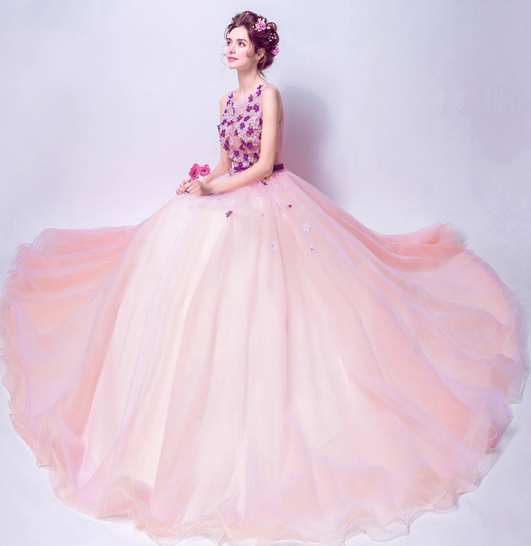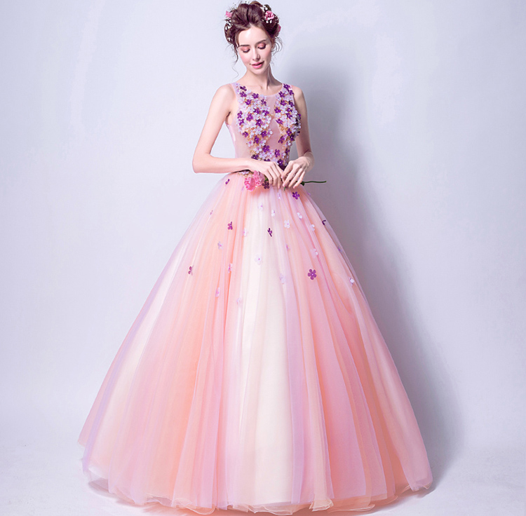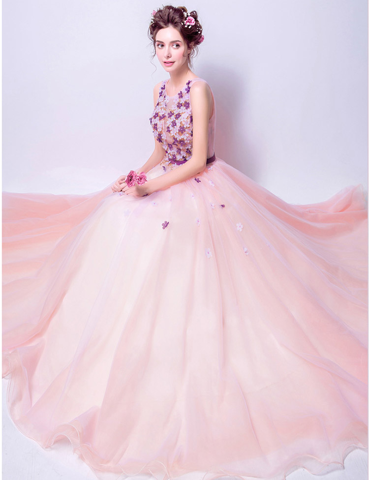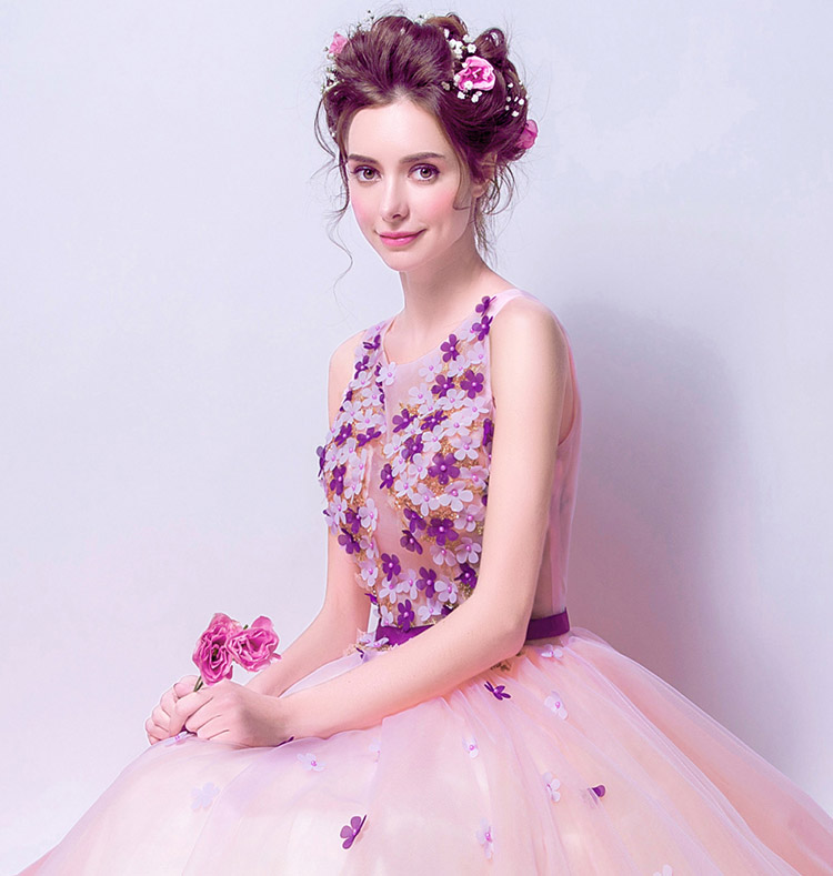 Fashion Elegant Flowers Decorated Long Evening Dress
...
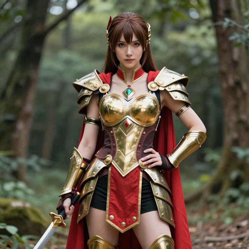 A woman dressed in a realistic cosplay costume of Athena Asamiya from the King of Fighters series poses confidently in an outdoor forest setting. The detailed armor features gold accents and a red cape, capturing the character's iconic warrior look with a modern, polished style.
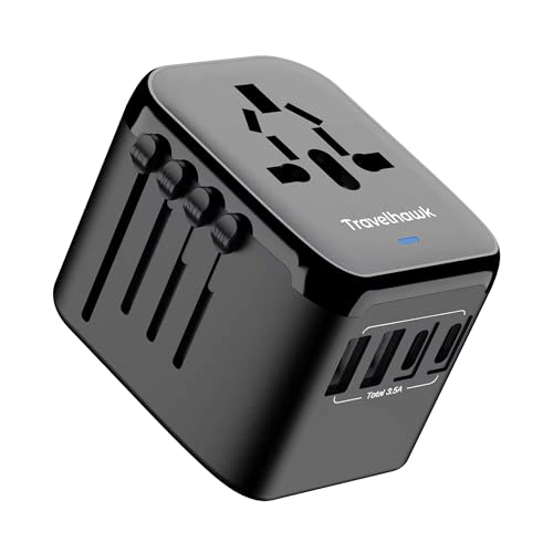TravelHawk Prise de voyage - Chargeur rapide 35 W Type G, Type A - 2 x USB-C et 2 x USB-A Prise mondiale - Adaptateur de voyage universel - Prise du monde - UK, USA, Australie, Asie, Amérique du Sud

» Problem to work on
Starting with the line that has "A woman dressed" and going on through the line that has "TravelHawk Prise de", transcribe the records above exactly, but skip the pictures.

» Solution for this problem
 A woman dressed in a realistic cosplay costume of Athena Asamiya from the King of Fighters series poses confidently in an outdoor forest setting. The detailed armor features gold accents and a red cape, capturing the character's iconic warrior look with a modern, polished style.
TravelHawk Prise de voyage - Chargeur rapide 35 W Type G, Type A - 2 x USB-C et 2 x USB-A Prise mondiale - Adaptateur de voyage universel - Prise du monde - UK, USA, Australie, Asie, Amérique du Sud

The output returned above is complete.